Figure 9 shows comparisons between φ, φTBC, and τ distributions at midspan for two Tus. At each Tu, it is clear that τ < φ < φTBC because T’ > T > TTBC. The trends of φ, φTBC, and τ distributions are similar to one another. The maximum φ, φTBC, and τ are located at the same position, that is, at x/C = −0.45 on the PS. This is reasonable because it is the closest position to the coolant passage H5, where has the lowest inlet temperature and a relatively higher coolant flow rate, as seen in Table 4. With the increase in Tu, it is observed that φ, φTBC, and τ decrease due to the fact that T, TTBC, and T’ increase with Tu.

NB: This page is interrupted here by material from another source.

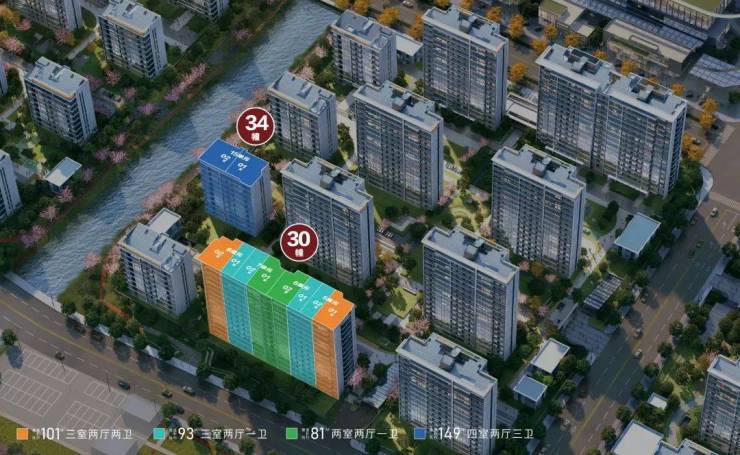 推售房源132套,其中,149㎡大户型位于34#、81-93-101㎡位于30#

Another observation is that the reductions of φ, φTBC, and τ with Tu are very small near the TE. The general trends of the characteristics of overall and TBC effectiveness distributions at different Tus are captured by the contours in Figure 10 and Figure 11. The contours indicate that at each Tu, the inclusion of TBC leads to the quantitative increment of overall cooling effectiveness by about 16% to 20%, and about 8% at the TE. The reduction of φTBC is lower than that of φ when Tu increases. The reason is that the presence of TBC mitigates the reduction of overall cooling effectiveness by significantly reducing TBC effectiveness on the external surface of the TBC.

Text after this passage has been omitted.